The symptoms of Alzheimer's disease manifest slowly and the first symptom may only be mild forgetfulness. In this stage, individuals may forget recent events, activities, the names of familiar people or things and may not be able to solve simple math problems. As the disease progresses, symptoms are more easily noticed and become serious enough to cause people with Alzheimer's disease or their family members to seek medical help. Mid-stage symptoms of Alzheimer's disease include forgetting how to do simple tasks such as grooming, and problems develop with speaking, understanding, reading, or writing. Later stage Alzheimer's disease patients may become anxious or aggressive, may wander away from home and ultimately need total care.
Presently, the only definite way to diagnose Alzheimer's disease is to identify plaques and tangles in brain tissue in an autopsy after death of the individual. Therefore, doctors can only make a diagnosis of “possible” or “probable” Alzheimer's disease while the person is still alive. Using current methods, physicians can diagnose Alzheimer's disease correctly up to 90 percent of the time using several tools to diagnose “probable” Alzheimer's disease. Physicians ask questions about the person's general health, past medical problems, and the history of any difficulties the person has carrying out daily activities. Behavioral tests of memory, problem solving, attention, counting, and language provide information on cognitive degeneration and medical tests, such as tests of blood, urine, or spinal fluid, and brain scans can provide some further information.
The management of Alzheimer's disease consists of medication-based and non-medication based treatments. Treatments aimed at changing the underlying course of the disease (delaying or reversing the progression) have so far been largely unsuccessful. Medicines that restore the deficit (defect), or malfunctioning, in the chemical messengers of the nerve cells (neurotransmitters), such as the cholinesterase inhibitors (ChEIs), have been shown to improve symptoms. Medications are also available to address the psychiatric manifestations of Alzheimer's disease.
Cholinesterase inhibitors, such as tacrine and rivastigmine, are currently the only class of agents that are approved by the FDA for the treatment of Alzheimer's disease. These agents are medicines that restore the defect, or malfunctioning, in the chemical neurotransmission in the brain. ChEIs impede the enzymatic degradation of neurotransmitters, thereby increasing the amount of chemical messengers available to transmit the nerve signals in the brain.
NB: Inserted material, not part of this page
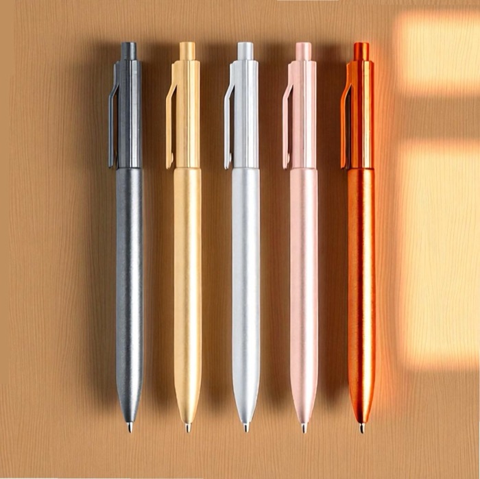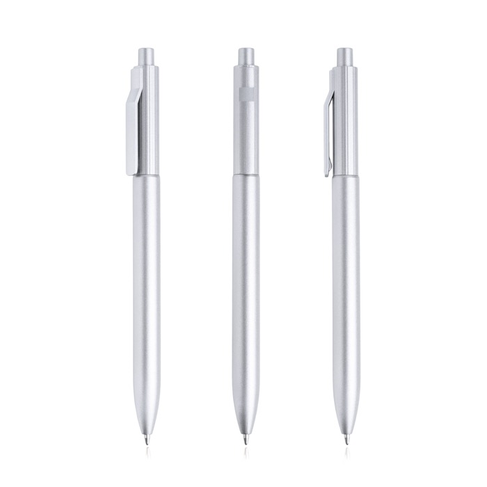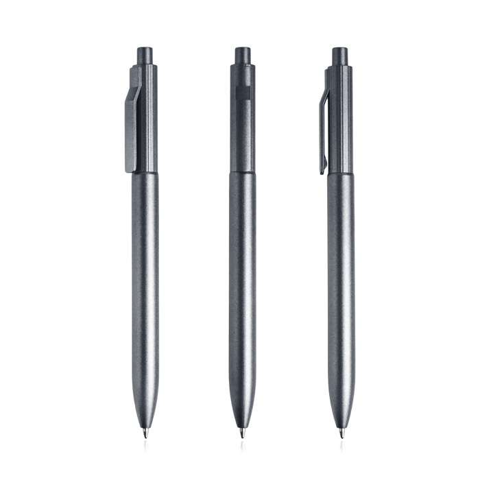 Kugelschreiber aus recyceltem ABS mit funktionalem Design, das Ihr Engagement für Nachhaltigkeit widerspiegelt. Der obere Teil hat ein feines Rillenmuster über etwa ein Drittel der Länge und integriert den Clip elegant. Mit Druckmechanismus und schwarzer Tinte ist er eine praktische und zuverlässige Wahl für den Alltag. Die metallischen Farben verleihen ihm einen Hauch von Raffinesse – ideal für professionelle Umgebungen oder stilvolle Werbegeschenke.

For some people in the early and middle stages of the disease, the drugs tacrine (COGNEX®, Morris Plains, N.J.), donepezil (ARICEPT®, Tokyo, JP), rivastigmine (EXELON®, East Hanover, N.J.), or galantamine (REMINYL®, New Brunswick, N.J.) may help prevent some symptoms from becoming worse for a limited time. Another drug, memantine (NAMENDA®, New York, N.Y.), has been approved for treatment of moderate to severe Alzheimer's disease. Also, some medicines may help control behavioral symptoms of Alzheimer's disease, such as sleeplessness, agitation, wandering, anxiety, and depression. Treating these symptoms often makes patients more comfortable and makes their care easier for caregivers. Unfortunately, despite significant treatment advances showing that this class of agents is consistently better than a placebo, the disease continues to progress, and the average effect on mental functioning has only been modest. ChEIs also have side effects that include gastrointestinal dysfunction, liver toxicity and weight loss.
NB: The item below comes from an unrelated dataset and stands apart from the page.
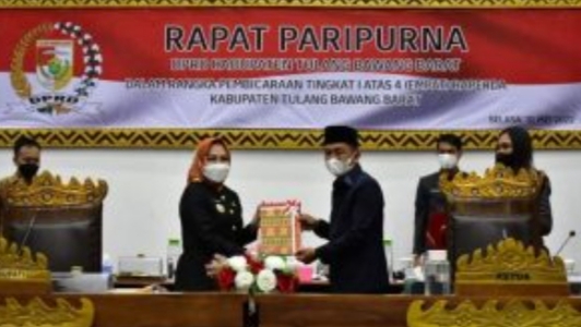 Rapat Paripurna DPRD dalam Rangka Pembicaraan Tingkat I atas 4 (empat) Raperda Kabupaten Tulang Bawang Barat (Tubaba), di Ruang Paripurna DPRD setempat. Selasa (31/05).

Advances in the understanding of the brain abnormalities that occur in Alzheimer's disease are hoped to provide the framework for new targets of treatment that are more focused on altering the course and development of the disease. Many compounds, including anti-inflammatory agents, are being actively investigated. Clinical trials using specific cyclooxygenase inhibitors (COX-2), such as rofecoxib and celecoxib, are also underway.
Other diseases that are based on or associated with the accumulation and deposit of amyloid-like protein are mild cognitive impairment, Lewy body dementia (LBD), amyotrophic lateral sclerosis (ALS), inclusion-body myositis (IBM) and macular degeneration, in particular, age-related macular degeneration (AMD).
Mild cognitive impairment (MCI) is a general term most commonly defined as a subtle but measurable memory disorder. A person with MCI experiences memory problems greater than normally expected with aging, but does not show other symptoms of dementia, such as impaired judgment or reasoning. MCI is a condition that frequently reflects a preclinical stage of AD.
The deposition of β-amyloid within the entorhinal cortex (EC) is believed to play a key role in the development of mild cognitive impairment (MCI) in the elderly. This is in line with the observation that the cerebrospinal fluid (CSF) Aβ(1-42) levels decline significantly once AD becomes clinically overt. In contrast to CSF-Aβ(1-42), CSF-tau levels are significantly increased in the MCI stage, and these values continue to be elevated thereafter, indicating that increased levels of CSF-tau may help in detecting MCI subjects who are predicted to develop AD.
Lewy body dementia (LBD) is a neurodegenerative disorder that can occur in persons older than 65 years of age, which typically causes symptoms of cognitive (thinking) impairment and abnormal behavioral changes. Symptoms can include cognitive impairment, neurological signs, sleep disorder, and autonomic failure. Cognitive impairment is the presenting feature of LBD in most cases. Patients have recurrent episodes of confusion that progressively worsen. The fluctuation in cognitive ability is often associated with shifting degrees of attention and alertness. Cognitive impairment and fluctuations of thinking may vary over minutes, hours, or days.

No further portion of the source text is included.